• **THE DATA**:
- - - - -

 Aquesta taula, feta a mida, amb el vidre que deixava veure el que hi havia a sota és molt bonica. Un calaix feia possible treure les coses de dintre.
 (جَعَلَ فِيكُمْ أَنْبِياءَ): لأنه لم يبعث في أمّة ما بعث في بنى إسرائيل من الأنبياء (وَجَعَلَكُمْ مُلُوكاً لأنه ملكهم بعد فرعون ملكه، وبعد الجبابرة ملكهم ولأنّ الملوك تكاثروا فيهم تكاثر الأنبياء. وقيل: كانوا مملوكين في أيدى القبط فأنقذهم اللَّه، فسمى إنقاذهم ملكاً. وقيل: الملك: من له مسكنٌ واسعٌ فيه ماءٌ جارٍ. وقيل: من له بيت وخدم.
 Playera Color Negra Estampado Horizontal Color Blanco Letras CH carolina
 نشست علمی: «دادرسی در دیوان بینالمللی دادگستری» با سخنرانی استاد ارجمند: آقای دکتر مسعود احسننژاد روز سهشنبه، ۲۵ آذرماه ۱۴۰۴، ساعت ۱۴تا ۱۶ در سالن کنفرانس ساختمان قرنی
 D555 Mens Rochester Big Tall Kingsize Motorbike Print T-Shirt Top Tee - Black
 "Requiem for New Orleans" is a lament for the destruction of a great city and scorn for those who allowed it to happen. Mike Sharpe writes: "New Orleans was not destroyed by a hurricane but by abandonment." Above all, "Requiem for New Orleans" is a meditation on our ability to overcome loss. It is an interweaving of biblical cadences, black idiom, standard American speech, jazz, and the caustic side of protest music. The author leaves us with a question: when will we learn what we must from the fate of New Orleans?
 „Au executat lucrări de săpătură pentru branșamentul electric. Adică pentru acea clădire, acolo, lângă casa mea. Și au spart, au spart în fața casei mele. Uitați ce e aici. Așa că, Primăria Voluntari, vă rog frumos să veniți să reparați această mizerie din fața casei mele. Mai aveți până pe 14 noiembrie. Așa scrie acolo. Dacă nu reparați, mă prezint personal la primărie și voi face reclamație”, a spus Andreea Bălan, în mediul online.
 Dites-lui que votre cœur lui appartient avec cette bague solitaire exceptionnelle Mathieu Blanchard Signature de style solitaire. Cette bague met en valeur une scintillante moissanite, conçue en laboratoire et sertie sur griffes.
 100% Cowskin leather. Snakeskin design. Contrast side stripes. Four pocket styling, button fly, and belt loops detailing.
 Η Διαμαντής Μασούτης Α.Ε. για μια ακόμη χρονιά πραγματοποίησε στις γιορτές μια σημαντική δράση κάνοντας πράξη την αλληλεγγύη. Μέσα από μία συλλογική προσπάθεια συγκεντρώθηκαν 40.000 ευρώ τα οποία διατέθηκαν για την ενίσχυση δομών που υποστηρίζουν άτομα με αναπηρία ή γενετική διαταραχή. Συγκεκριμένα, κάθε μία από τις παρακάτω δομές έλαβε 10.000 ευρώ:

- - - - -

• **TASK STATEMENT**:
Only the lines from the beginning of the material through the line with "Dites-lui que votre" should appear in the answer, each copied exactly.

• **EXERCISE RESPONSE**:
 Aquesta taula, feta a mida, amb el vidre que deixava veure el que hi havia a sota és molt bonica. Un calaix feia possible treure les coses de dintre.
 (جَعَلَ فِيكُمْ أَنْبِياءَ): لأنه لم يبعث في أمّة ما بعث في بنى إسرائيل من الأنبياء (وَجَعَلَكُمْ مُلُوكاً لأنه ملكهم بعد فرعون ملكه، وبعد الجبابرة ملكهم ولأنّ الملوك تكاثروا فيهم تكاثر الأنبياء. وقيل: كانوا مملوكين في أيدى القبط فأنقذهم اللَّه، فسمى إنقاذهم ملكاً. وقيل: الملك: من له مسكنٌ واسعٌ فيه ماءٌ جارٍ. وقيل: من له بيت وخدم.
 Playera Color Negra Estampado Horizontal Color Blanco Letras CH carolina
 نشست علمی: «دادرسی در دیوان بینالمللی دادگستری» با سخنرانی استاد ارجمند: آقای دکتر مسعود احسننژاد روز سهشنبه، ۲۵ آذرماه ۱۴۰۴، ساعت ۱۴تا ۱۶ در سالن کنفرانس ساختمان قرنی
 D555 Mens Rochester Big Tall Kingsize Motorbike Print T-Shirt Top Tee - Black
 "Requiem for New Orleans" is a lament for the destruction of a great city and scorn for those who allowed it to happen. Mike Sharpe writes: "New Orleans was not destroyed by a hurricane but by abandonment." Above all, "Requiem for New Orleans" is a meditation on our ability to overcome loss. It is an interweaving of biblical cadences, black idiom, standard American speech, jazz, and the caustic side of protest music. The author leaves us with a question: when will we learn what we must from the fate of New Orleans?
 „Au executat lucrări de săpătură pentru branșamentul electric. Adică pentru acea clădire, acolo, lângă casa mea. Și au spart, au spart în fața casei mele. Uitați ce e aici. Așa că, Primăria Voluntari, vă rog frumos să veniți să reparați această mizerie din fața casei mele. Mai aveți până pe 14 noiembrie. Așa scrie acolo. Dacă nu reparați, mă prezint personal la primărie și voi face reclamație”, a spus Andreea Bălan, în mediul online.
 Dites-lui que votre cœur lui appartient avec cette bague solitaire exceptionnelle Mathieu Blanchard Signature de style solitaire. Cette bague met en valeur une scintillante moissanite, conçue en laboratoire et sertie sur griffes.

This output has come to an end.